PEQUIM (Reuters) – O presidente chinês, Xi Jinping, encontrou-se nesta sexta-feira com o líder da oposição de Taiwan, Cheng Li-wen, em Pequim, antes da visita do presidente dos Estados Unidos, Donald Trump, à China no próximo mês.
Cheng é a primeira presidente do Kuomintang a liderar a delegação do seu partido numa visita de uma semana ao continente chinês na última década.

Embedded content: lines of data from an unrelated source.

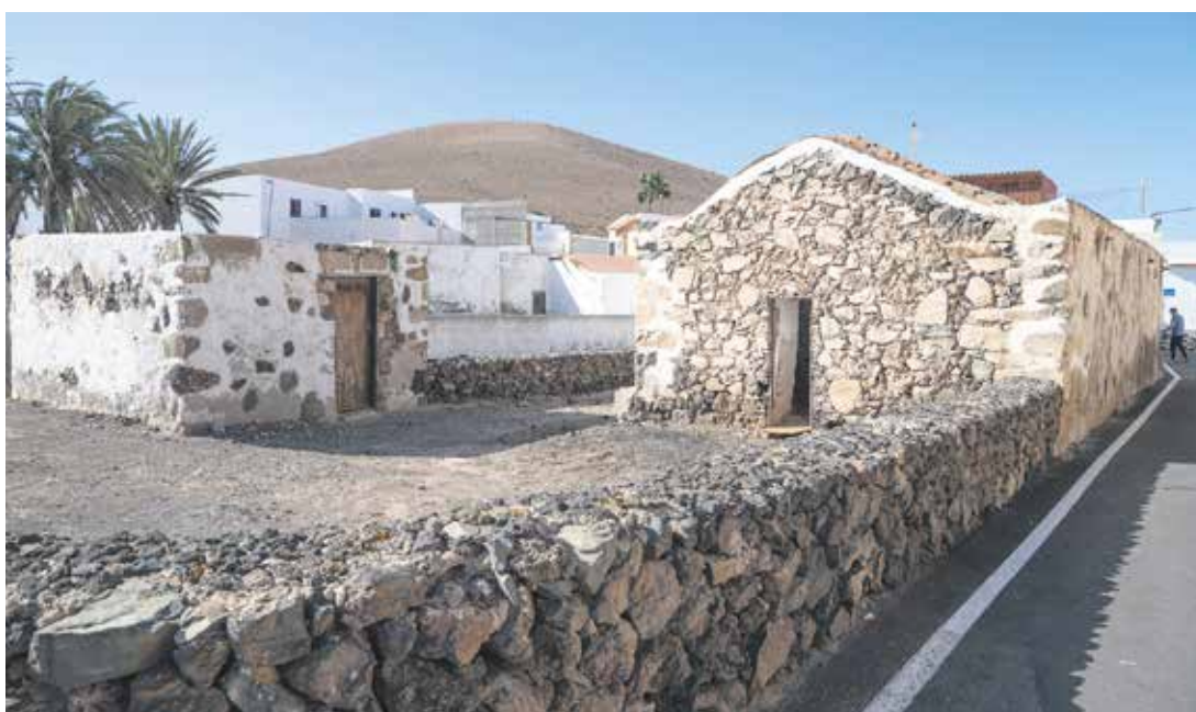
Inmuebles antiguos en la localidad de Pájara.

El equipo redactor del documento alerta del “preocupante deterioro” que sufren parte de las construcciones con valor patrimonial del municipio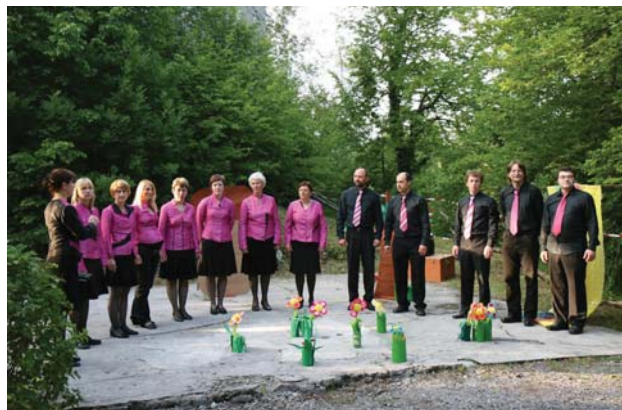
Vokalna skupina Unica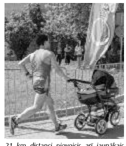
21 km distanci pieveicis arī jaunākais Salaspils pusmaratona dalībnieks. Prieks, ka jau no tāda vecuma bērni tiek radināti pie sportiskām aktivitātēm.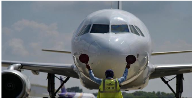
រូបភាព៖ រៀនបុក អាកាសយានដ្ឋាន

ខណៈដែលយុទ្ធនាការចាក់វ៉ាក់សាំងកូវីដ-១៩ ជូនប្រជាពលរដ្ឋចាប់ពីអាយុ១៨ឆ្នាំឡើងទៅសម្រេចបានជិត១០០% បានផ្តល់ក្តីសង្ឃឹមសម្រាប់កម្ពុជា ក្នុងការឈានទៅបើកសកម្មភាពសេដ្ឋកិច្ច និងសង្គមទាំងស្រុងក្នុងរយៈពេលដ៏ខ្លីខាងមុខ។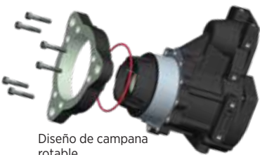
Diseño de campana rotatable

O seu encontro com Xi está a ser observado de perto em todo o mundo, à medida que o líder chinês intensifica os esforços para reunificar Taiwan, uma prioridade militar e diplomática que ele tem perseguido desde que assumiu o poder em 2012 com a sua política de Uma Só China.
A China reivindica Taiwan como parte dela e promete reuni-la ao continente.
A China chama o Partido Democrático Progressista, no poder, de separatistas e apoia fortemente o KMT pró-Pequim, uma vez que defende laços mais estreitos com o continente.
O DPP opõe-se fortemente aos esforços da China para reunificar Taiwan com o continente e apoia a ilha separatista a manter a sua própria identidade.
Falando antes de partir para Pequim, Cheng classificou a visita como uma jornada de paz e disse que ambos os lados do Estreito de Taiwan deveriam tentar negociar e comunicar-se para resolver suas diferenças.
É inegável que o actual ambiente internacional é instável, espalhando conflitos e aumentando a ansiedade pública, disse ele.
O Estreito de Taiwan é há muito considerado um dos lugares mais perigosos, por isso devemos garantir que, se o Estreito estiver seguro, o mundo estará seguro”, disse ele.
A visita de Cheng é considerada significativa porque antecede a visita do presidente dos EUA, Donald Trump, a Pequim, nos dias 14 e 15 de maio, durante a qual se espera que Taiwan tenha um lugar de destaque nas suas conversações com Xi, considerando os planos de Washington para um pacote de vendas de armas de 11 mil milhões de dólares, o maior dos EUA para Taipei.
O acordo inclui partes dos sistemas de foguetes HIMARS, mísseis antitanque, mísseis antiblindados, drones suicidas flutuantes, obuseiros, software militar e outros equipamentos.
A China disse que se opõe fortemente ao pacote de vendas de armas dos EUA.
Mas o governo de Taiwan teve dificuldades para aprovar o orçamento de defesa deste ano no parlamento para beneficiar do pacote dos EUA, uma vez que foi bloqueado pelo parlamento dominado pela oposição.
Na semana passada, uma delegação bipartidária dos EUA visitou Taipei para instar o parlamento a aprovar um orçamento especial para despesas de defesa de 40 mil milhões de dólares americanos.
Cheng disse anteriormente à mídia em Taipei que sua visita estava de acordo com a opinião pública dominante em Taiwan. “Temos uma escolha”, disse ele. “Para o bem de ambos os lados do Estreito de Taiwan, para a estabilidade regional e o bem-estar das gerações futuras, devemos escolher firmemente o caminho da paz.”
Ele disse que sua visita, assim como as visitas anteriores do ex-presidente do KMT Lin Chan e de Ma Ying-jeou ao continente, se baseia em seguir o mesmo princípio político do consenso de 1992, que expressa o princípio de Uma Só China e se opõe à “independência de Taiwan”.
Este artigo foi criado a partir de um feed automatizado de uma agência de notícias sem alterações no texto.